The Smithsonian, which operates 21 museums, responded Wednesday by agreeing to review its exhibits but reminded the White House that it had sole “authority over our programming and content.” The Kennedy Center had similar sole authority, but Mr. Trump appointed himself chairman of the board of the performing arts venue on the Potomac River, with the result that controversial presentations have been cancelled.
“Trump has said the ‘quiet parts’ out loud,” said Philip Klinkner, a political scientist at Hamilton College in Clinton, N.Y. “We’ve fought about these kinds of things but it always was subtext to our politics. On the surface, our politics was about budgets and such things. But beneath the surface it was also about cultural issues. Trump is just making this stuff explicit.”
This comes as Mr. Trump, who already has sent troops to Los Angeles and Washington, is targeting Baltimore, New Orleans and Chicago for new deployments, part of his effort to transform an otherwise municipal concern into a national and military matter. These cities all are led by Democratic mayors.
Federal judges ruled in recent days that both the withdrawal of Harvard federal funds and the military deployments in the country’s cities were illegal. Both matters, however, remain unresolved pending further judicial proceedings.

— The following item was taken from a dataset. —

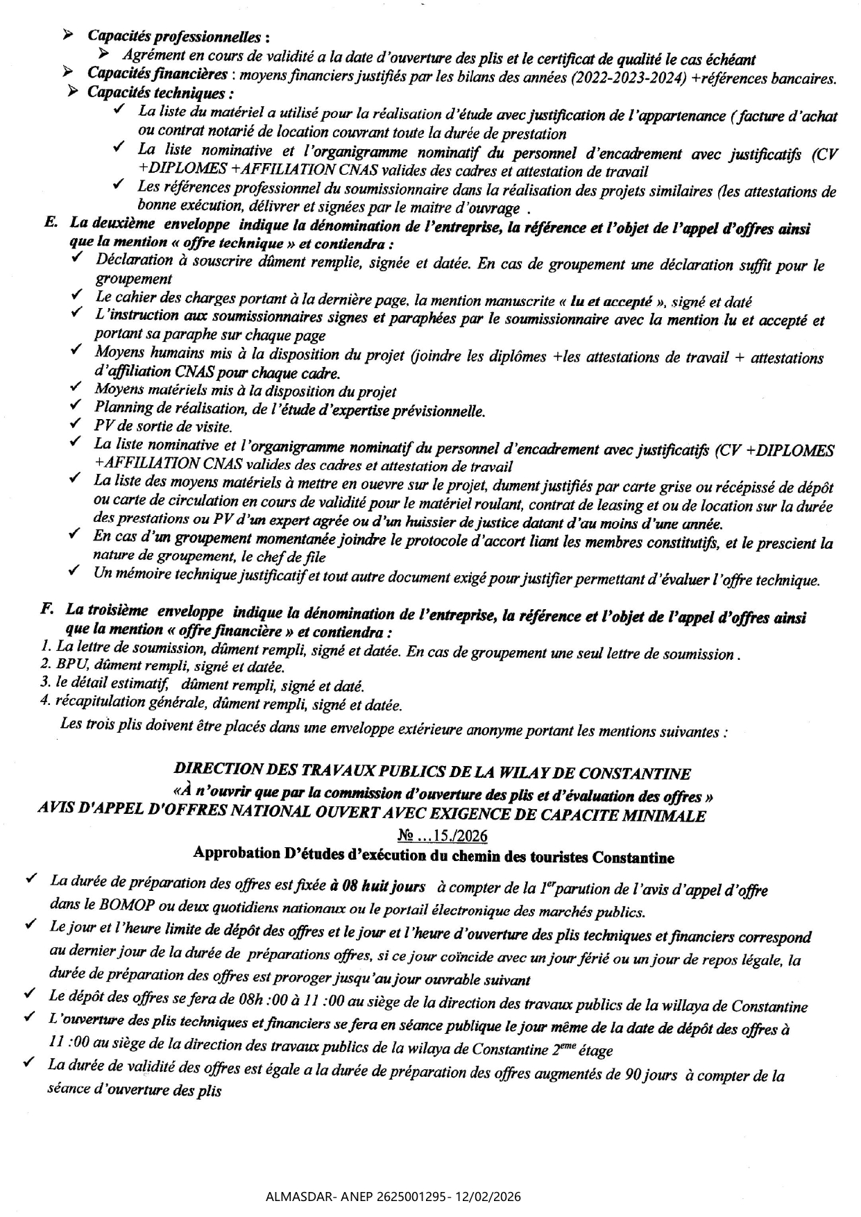 الزبون: direction des travaux publics de la wilaya de constantine رقم ANEP 2625001295 تاريخ النشر: 2026-02-12 عدد الصفحات: 1/2

Scholars long have examined how the press played a vital role in setting the national agenda. Harold Macmillan, British prime minister from 1957 to 1963, once said that countries’ agendas were set by “Events, my dear boy, events.” One of the oldest maxims of the American capital is that “the president proposes, Congress disposes.”
In the Trump years, the press has relinquished its agenda-setting role, and events (aside from the wars the President has tried to quell) have taken a back seat. In American politics today, the President proposes the questions of the day from his own special portfolio of issues – and Congress, controlled by Republicans in both the Senate and House of Representatives, has unilaterally disposed of its role.
The result is that the national agenda is set by a single individual – and it is a singular political bill of fare, without precedent and without the guard rails that were implicit in the traditional matters of national concern.
“In the first Trump administration the story was bending the norms of behaviour,” said Daniel Shea, a political scientist at Colby College in Waterville, Me. “Now he’s dramatically transforming the government, heading into new territory of discussion that was never part of national issues – and taking it to the limits.”